Money

Philip Hammond weighs options for spring statement spending


On Wednesday, MPs expect to hear the chancellor tell them that austerity will soon be consigned to history. Philip Hammond said in last year’s budget that “austerity is coming to an end” and teased ministers with the promise of the cash that he and his predecessor George Osborne denied them in the previous eight years.

There is a huge gap to fill just to prevent further austerity taking effect. According to the Institute for Fiscal Studies, the chancellor’s pledge in October to boost NHS spending, defence and international aid failed to safeguard councils and some of the worst-hit government departments from further shortfalls.

The thinktank said a minimum of £2.2bn would be needed to freeze all budgets and protect them from inflation, and ministers would need to find an extra £5bn to allow departments to maintain services in line with the UK’s rising population.

If Brexit wasn’t keeping most spending plans on hold, Hammond would have cash to spend in the spring statement. The annual budget deficit is likely to be well below his 2% target in this financial year, at 1.3% of GDP, the lowest since 2003. Looking ahead, the Office for Budget Responsibility (OBR), the Treasury’s independent forecaster, handed him a £74bn windfall over five years at the last budget.

But it is not all plain sailing for the Treasury. Here are the debits and credits on Hammond’s ledger.

Hammond’s winners

Tax/debt interest Through most of the UK’s recovery from the financial crash, income tax receipts have grown at a stubbornly low rate. Not so in the last year: income tax receipts are up 8% between April 2018 and January 2019 compared with the same period in the previous year. The reason, says the Resolution Foundation thinktank, is steep pay increases for those in the top 20% income bracket.

Over the same nine months, capital gains receipts have jumped 21%, again due to revenues from the UK’s richest households. VAT, which mostly applies to non-essential items, is up 5%. And borrowing costs have fallen as the costs of issuing index-linked bonds tumbles in line with the RPI measure of inflation.

Benefit cuts A freeze on benefit payments is set to cost couples with children in the bottom half of the income distribution £200 a year on average, saving the exchequer £1.5bn, according to the Resolution Foundation. A clampdown on other benefits will save around £3bn. From April, the cut in the value of working-age benefits will be 6.1% in real terms over four years. “The impact for many families will be larger still because of simultaneous cuts in entitlements,” says Matthew Whittaker, chief economist at the Resolution Foundation.

Departmental spending Civil servants tend to overreact in times of austerity and the figures bear this out. Between 2013-14 and 2017-18, the average annual net underspend relative to government plans was £2.5bn on day-to-day spending and £1.3bn on capital spending.

In this financial year, the underspend forecast by the OBR is £2.2bn on day-to-day spending and £2.2bn on capital spending.

Hammond’s losers

Economic growth The manufacturing sector is in recession and investment dropped by 3.7% in the last year. A further drag on growth comes from across the channel where the UK’s main trading partners in the eurozone are undergoing a dramatic slowdown.

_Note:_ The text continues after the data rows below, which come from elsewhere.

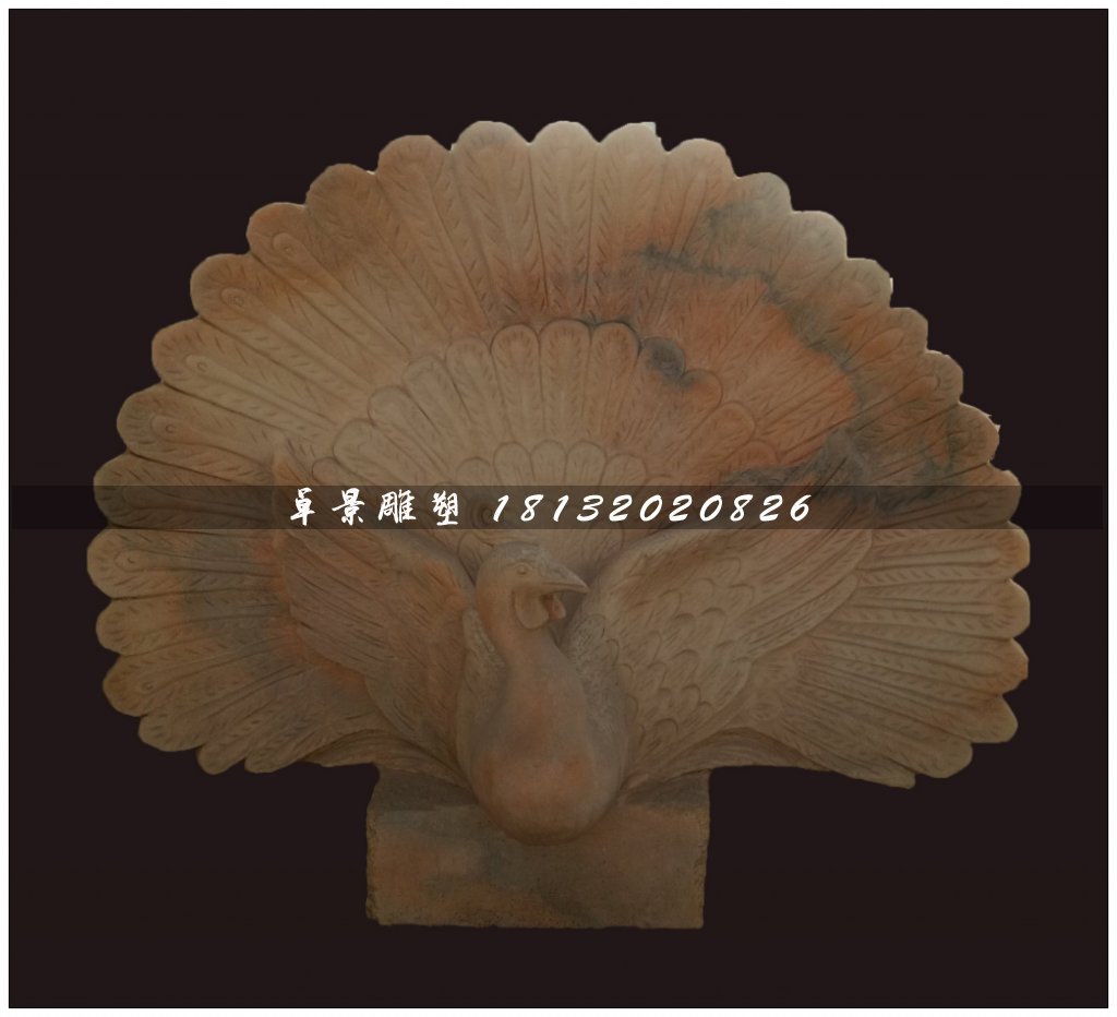 名稱:孔雀開屏石雕,晚霞紅動物石雕
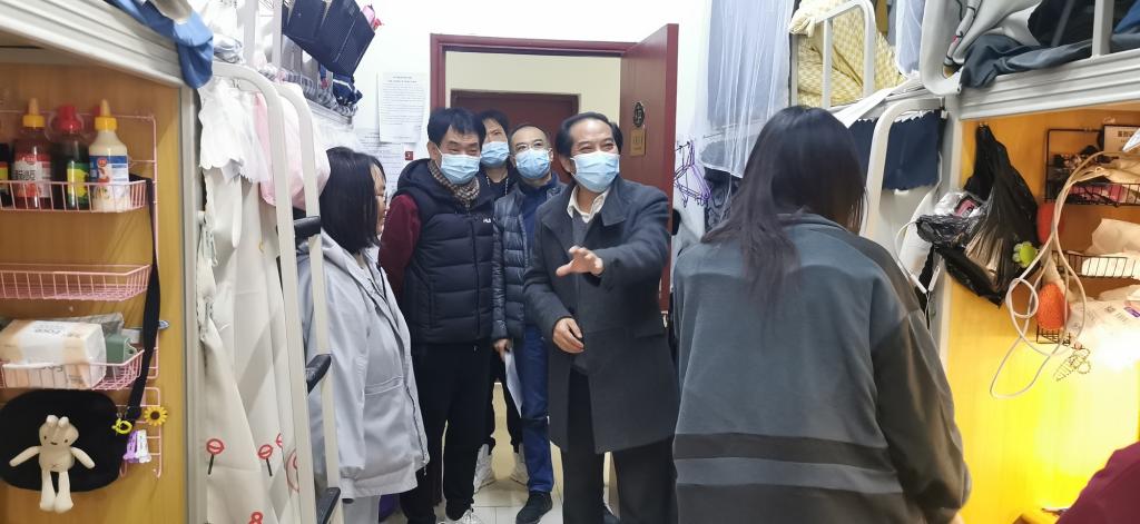 解登高、周勇带队检查组走访学生寝室,主要就寝室走廊通畅情况、学生用电安全和寝室卫生等方面进行重点检查。同时关心学生的学习、生活和用电用水情况,对学生的寝室安全、卫生习惯提出了具体明确要求,同学们纷纷表示将会严格遵守学校相关规定,做好寝室卫生、杜绝寝室消防安全隐患。
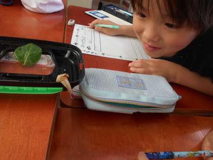 みんなでお世話をしているカタツムリをよく見て,「みつけたよカード」にかきました。カタツムリは思ったよりよく動いて,見ている間に,飼育ケースのふたのまわりを2周半も移動したので,「こんなにうごくんや!」とびっくりしていました。
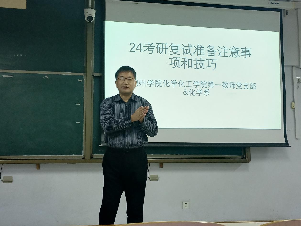 2024年化学化工学院化学专业考研上线率再创佳绩,达到51%,为了提高复试成功率,化学化工学院第一教师党支部(第三批全国党建工作样板支部培育创建单位)和贾春晓书记工作室(第二批全省高校“双带头人”教师党支部书记工作室培育创建单位),提前筹划、精心组织,从2月28日考研分数公布至今,组织了一系列活动助力学生考研复试。

The OBR is likely to announce a U-turn after raising its GDP growth forecast for 2019 to 1.6% in October. It will probably mark down GDP growth to the level predicted by the Bank of England – 1.2%. Without strong growth over the next couple of years, the OBR will be forced to downgrade future tax revenues and increase the projected annual deficit.

Stamp duty After the first nine months of the year, stamp duty on house sales is down 6.3%. In October, the OBR said it saw a fall coming: it predicted the chancellor would only receive £12.8bn in 2018-19 – £800m lower than the year before. While a general shortage of homes has kept prices from falling, the number of properties bought and sold above the stamp duty threshold of £300,000 for first-time buyers – who make up a majority of home purchasers – has fallen. Receipts in January were around £100m lower compared with the same month last year.

Corporation tax An analysis based on HMRC data rather than any sophisticated modelling suggests the Treasury sacrificed £2.4bn in revenues when it cut the headline rate of corporation tax from 20% to 19% in 2017. This year, receipts are up 7%, but the total gain could be so much more. A further two-percentage-point cut – from 19% to 17% – that Hammond plans to take effect by the financial year 2020-21 will take the annual loss to £8bn, says the Resolution Foundation.